** INSTRUCTIONS FOR THE TASK **
I'd like the data beneath this line reproduced exactly, without any of its images.

*** GIVEN INFORMATION Section Begins ***

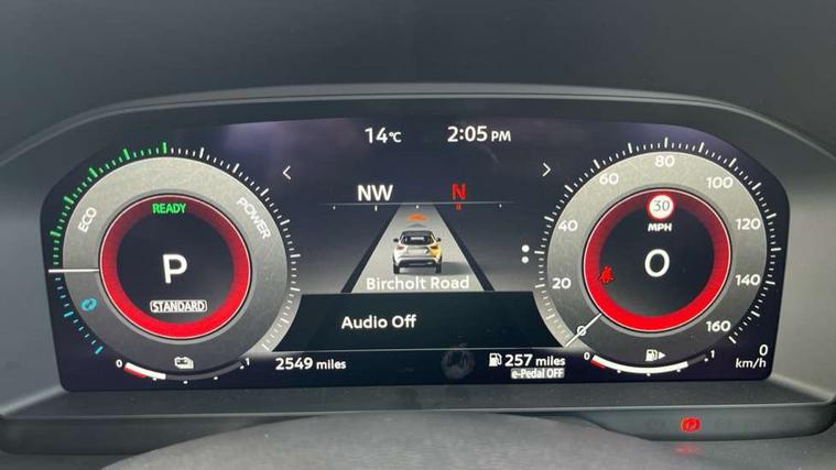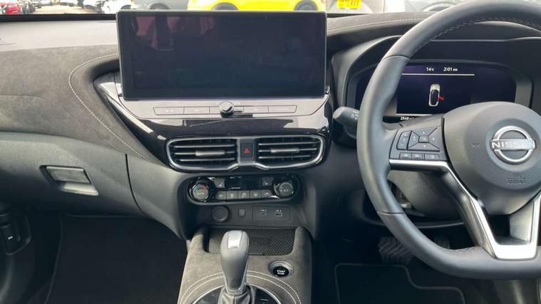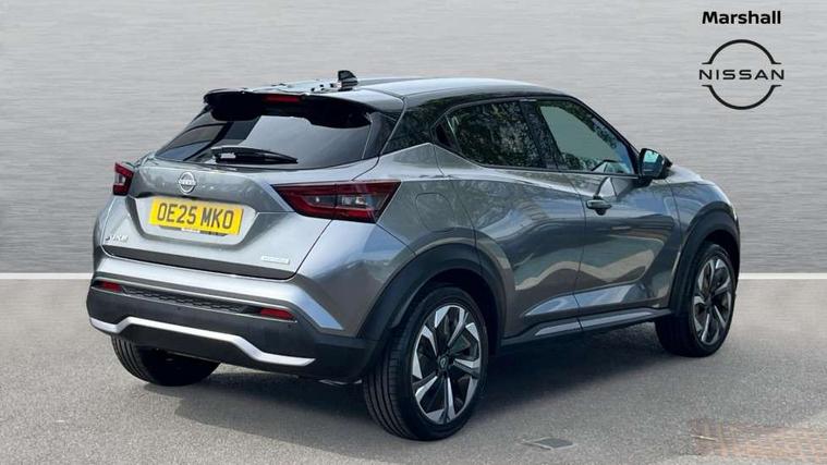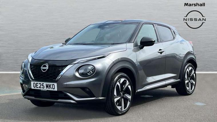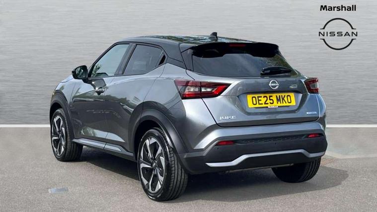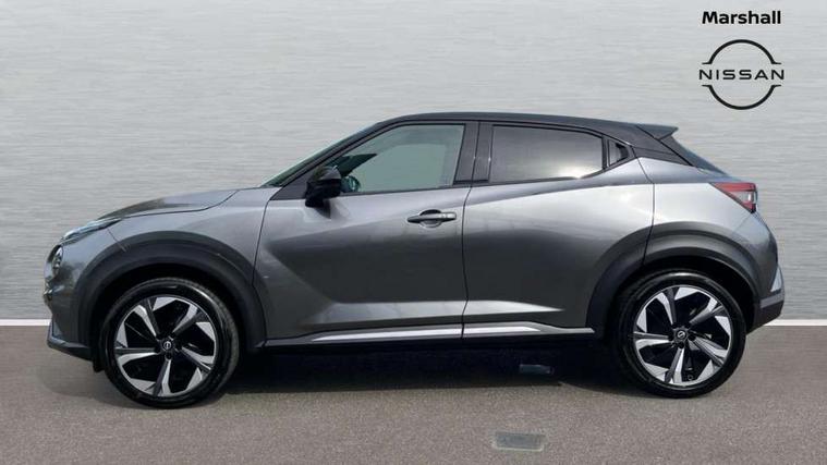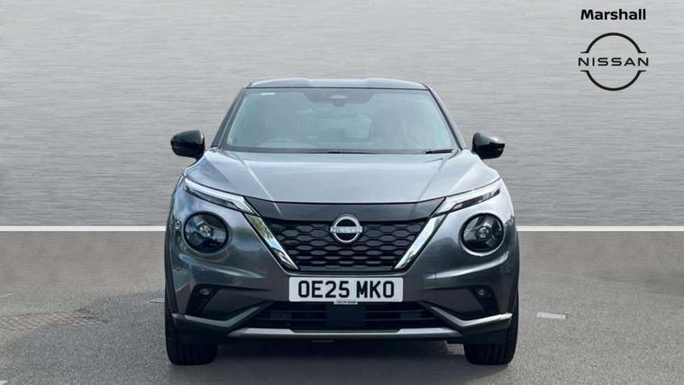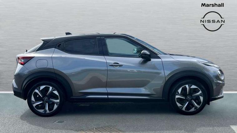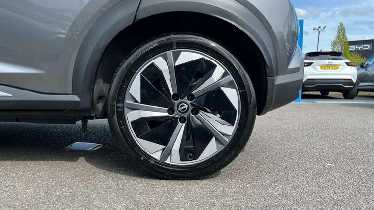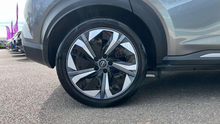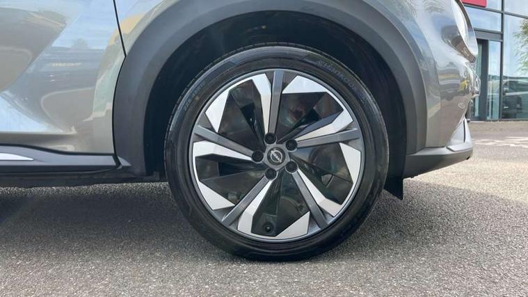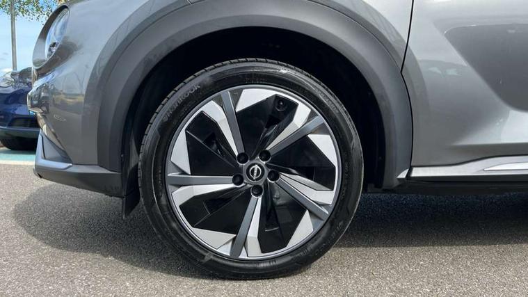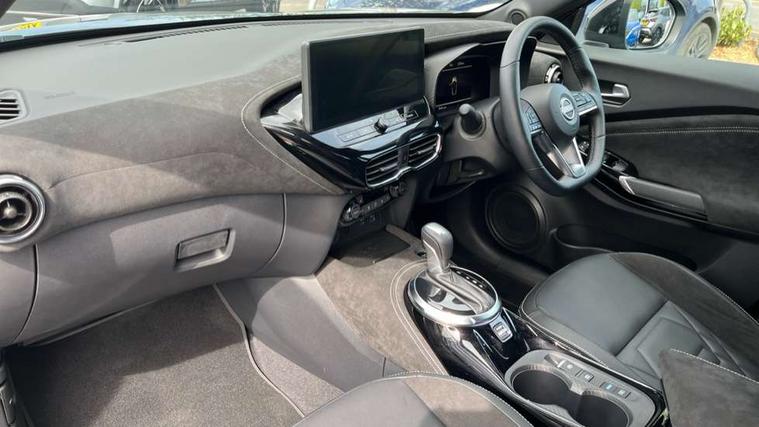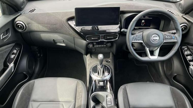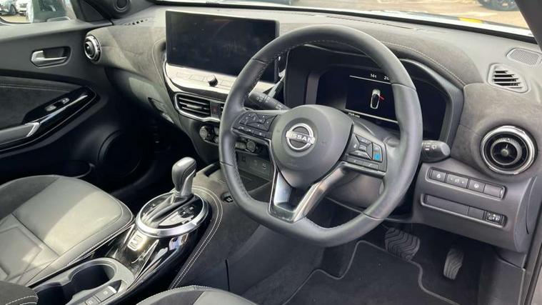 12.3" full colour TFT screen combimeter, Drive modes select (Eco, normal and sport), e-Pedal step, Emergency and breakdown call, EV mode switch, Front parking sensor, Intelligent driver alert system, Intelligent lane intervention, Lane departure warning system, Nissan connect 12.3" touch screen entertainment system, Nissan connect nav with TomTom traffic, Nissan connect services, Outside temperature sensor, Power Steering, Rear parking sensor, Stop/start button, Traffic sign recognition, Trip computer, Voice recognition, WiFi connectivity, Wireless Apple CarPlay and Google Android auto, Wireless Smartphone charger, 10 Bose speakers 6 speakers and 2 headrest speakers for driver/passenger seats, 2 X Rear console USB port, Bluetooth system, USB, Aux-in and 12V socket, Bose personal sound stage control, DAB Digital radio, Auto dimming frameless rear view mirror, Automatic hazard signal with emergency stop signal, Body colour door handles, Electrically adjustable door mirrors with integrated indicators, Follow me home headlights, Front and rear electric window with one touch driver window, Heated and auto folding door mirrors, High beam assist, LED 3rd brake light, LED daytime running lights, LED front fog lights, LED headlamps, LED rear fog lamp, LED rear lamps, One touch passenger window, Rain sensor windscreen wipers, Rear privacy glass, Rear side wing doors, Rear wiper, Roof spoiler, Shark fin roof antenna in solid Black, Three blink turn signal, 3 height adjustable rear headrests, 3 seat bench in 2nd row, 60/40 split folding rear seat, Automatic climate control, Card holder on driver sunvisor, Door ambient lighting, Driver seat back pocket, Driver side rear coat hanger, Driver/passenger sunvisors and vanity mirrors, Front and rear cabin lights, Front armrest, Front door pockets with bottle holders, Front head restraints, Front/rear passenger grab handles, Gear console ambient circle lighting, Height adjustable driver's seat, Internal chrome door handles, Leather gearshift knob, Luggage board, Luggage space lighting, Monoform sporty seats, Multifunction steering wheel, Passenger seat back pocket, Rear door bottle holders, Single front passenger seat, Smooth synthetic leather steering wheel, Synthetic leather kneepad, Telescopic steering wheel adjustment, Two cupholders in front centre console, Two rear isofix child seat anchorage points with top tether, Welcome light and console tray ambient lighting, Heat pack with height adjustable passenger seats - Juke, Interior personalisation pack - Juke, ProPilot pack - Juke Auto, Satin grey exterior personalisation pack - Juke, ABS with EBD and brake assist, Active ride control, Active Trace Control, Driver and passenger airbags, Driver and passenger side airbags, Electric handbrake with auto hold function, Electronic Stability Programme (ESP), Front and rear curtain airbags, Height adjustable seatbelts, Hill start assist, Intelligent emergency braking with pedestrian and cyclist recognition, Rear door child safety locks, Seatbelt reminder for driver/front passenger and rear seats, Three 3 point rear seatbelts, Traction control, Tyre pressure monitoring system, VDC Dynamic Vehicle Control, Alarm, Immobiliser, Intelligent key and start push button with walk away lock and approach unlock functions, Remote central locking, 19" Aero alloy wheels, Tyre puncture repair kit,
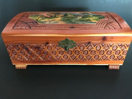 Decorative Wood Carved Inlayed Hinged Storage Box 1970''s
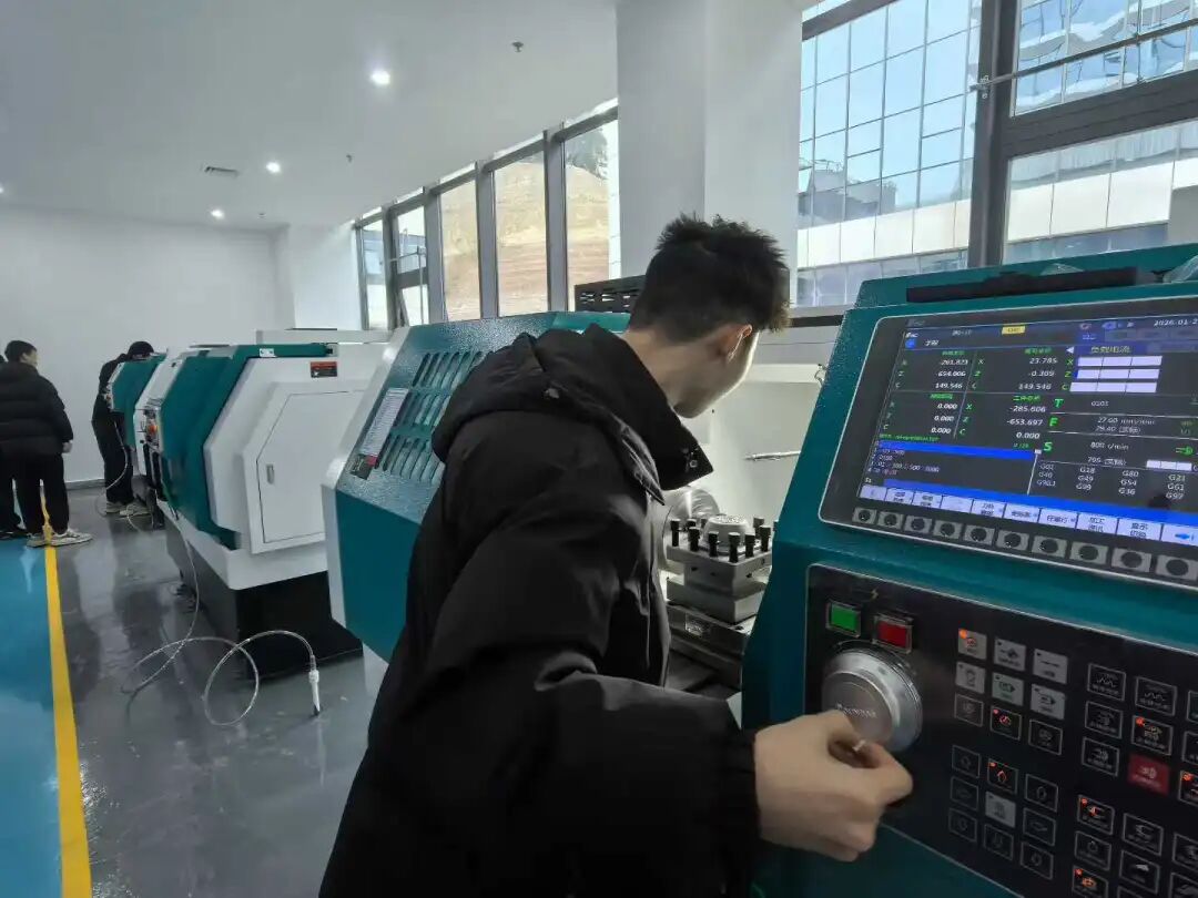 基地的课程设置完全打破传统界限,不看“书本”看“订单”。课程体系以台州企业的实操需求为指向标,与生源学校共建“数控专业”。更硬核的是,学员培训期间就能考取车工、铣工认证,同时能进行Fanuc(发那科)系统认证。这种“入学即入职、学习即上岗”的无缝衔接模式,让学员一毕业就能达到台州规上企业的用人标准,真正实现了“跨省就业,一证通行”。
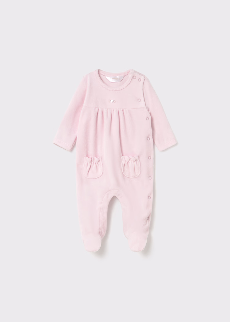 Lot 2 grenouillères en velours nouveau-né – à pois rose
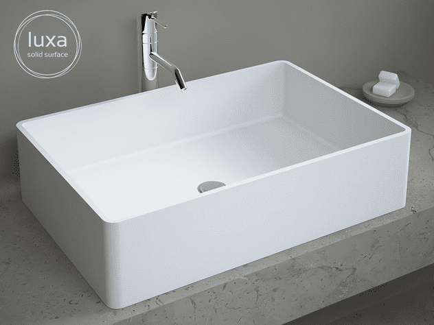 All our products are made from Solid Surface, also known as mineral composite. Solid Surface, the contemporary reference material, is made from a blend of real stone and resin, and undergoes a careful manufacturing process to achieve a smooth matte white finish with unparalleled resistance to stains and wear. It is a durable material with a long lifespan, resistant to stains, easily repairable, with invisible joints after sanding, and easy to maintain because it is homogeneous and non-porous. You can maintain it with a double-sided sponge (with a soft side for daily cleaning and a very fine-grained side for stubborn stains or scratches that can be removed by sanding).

*** GIVEN INFORMATION Section Ends ***

** EXPECTED OUTPUT **
 12.3" full colour TFT screen combimeter, Drive modes select (Eco, normal and sport), e-Pedal step, Emergency and breakdown call, EV mode switch, Front parking sensor, Intelligent driver alert system, Intelligent lane intervention, Lane departure warning system, Nissan connect 12.3" touch screen entertainment system, Nissan connect nav with TomTom traffic, Nissan connect services, Outside temperature sensor, Power Steering, Rear parking sensor, Stop/start button, Traffic sign recognition, Trip computer, Voice recognition, WiFi connectivity, Wireless Apple CarPlay and Google Android auto, Wireless Smartphone charger, 10 Bose speakers 6 speakers and 2 headrest speakers for driver/passenger seats, 2 X Rear console USB port, Bluetooth system, USB, Aux-in and 12V socket, Bose personal sound stage control, DAB Digital radio, Auto dimming frameless rear view mirror, Automatic hazard signal with emergency stop signal, Body colour door handles, Electrically adjustable door mirrors with integrated indicators, Follow me home headlights, Front and rear electric window with one touch driver window, Heated and auto folding door mirrors, High beam assist, LED 3rd brake light, LED daytime running lights, LED front fog lights, LED headlamps, LED rear fog lamp, LED rear lamps, One touch passenger window, Rain sensor windscreen wipers, Rear privacy glass, Rear side wing doors, Rear wiper, Roof spoiler, Shark fin roof antenna in solid Black, Three blink turn signal, 3 height adjustable rear headrests, 3 seat bench in 2nd row, 60/40 split folding rear seat, Automatic climate control, Card holder on driver sunvisor, Door ambient lighting, Driver seat back pocket, Driver side rear coat hanger, Driver/passenger sunvisors and vanity mirrors, Front and rear cabin lights, Front armrest, Front door pockets with bottle holders, Front head restraints, Front/rear passenger grab handles, Gear console ambient circle lighting, Height adjustable driver's seat, Internal chrome door handles, Leather gearshift knob, Luggage board, Luggage space lighting, Monoform sporty seats, Multifunction steering wheel, Passenger seat back pocket, Rear door bottle holders, Single front passenger seat, Smooth synthetic leather steering wheel, Synthetic leather kneepad, Telescopic steering wheel adjustment, Two cupholders in front centre console, Two rear isofix child seat anchorage points with top tether, Welcome light and console tray ambient lighting, Heat pack with height adjustable passenger seats - Juke, Interior personalisation pack - Juke, ProPilot pack - Juke Auto, Satin grey exterior personalisation pack - Juke, ABS with EBD and brake assist, Active ride control, Active Trace Control, Driver and passenger airbags, Driver and passenger side airbags, Electric handbrake with auto hold function, Electronic Stability Programme (ESP), Front and rear curtain airbags, Height adjustable seatbelts, Hill start assist, Intelligent emergency braking with pedestrian and cyclist recognition, Rear door child safety locks, Seatbelt reminder for driver/front passenger and rear seats, Three 3 point rear seatbelts, Traction control, Tyre pressure monitoring system, VDC Dynamic Vehicle Control, Alarm, Immobiliser, Intelligent key and start push button with walk away lock and approach unlock functions, Remote central locking, 19" Aero alloy wheels, Tyre puncture repair kit,
 Decorative Wood Carved Inlayed Hinged Storage Box 1970''s
 基地的课程设置完全打破传统界限,不看“书本”看“订单”。课程体系以台州企业的实操需求为指向标,与生源学校共建“数控专业”。更硬核的是,学员培训期间就能考取车工、铣工认证,同时能进行Fanuc(发那科)系统认证。这种“入学即入职、学习即上岗”的无缝衔接模式,让学员一毕业就能达到台州规上企业的用人标准,真正实现了“跨省就业,一证通行”。
 Lot 2 grenouillères en velours nouveau-né – à pois rose
 All our products are made from Solid Surface, also known as mineral composite. Solid Surface, the contemporary reference material, is made from a blend of real stone and resin, and undergoes a careful manufacturing process to achieve a smooth matte white finish with unparalleled resistance to stains and wear. It is a durable material with a long lifespan, resistant to stains, easily repairable, with invisible joints after sanding, and easy to maintain because it is homogeneous and non-porous. You can maintain it with a double-sided sponge (with a soft side for daily cleaning and a very fine-grained side for stubborn stains or scratches that can be removed by sanding).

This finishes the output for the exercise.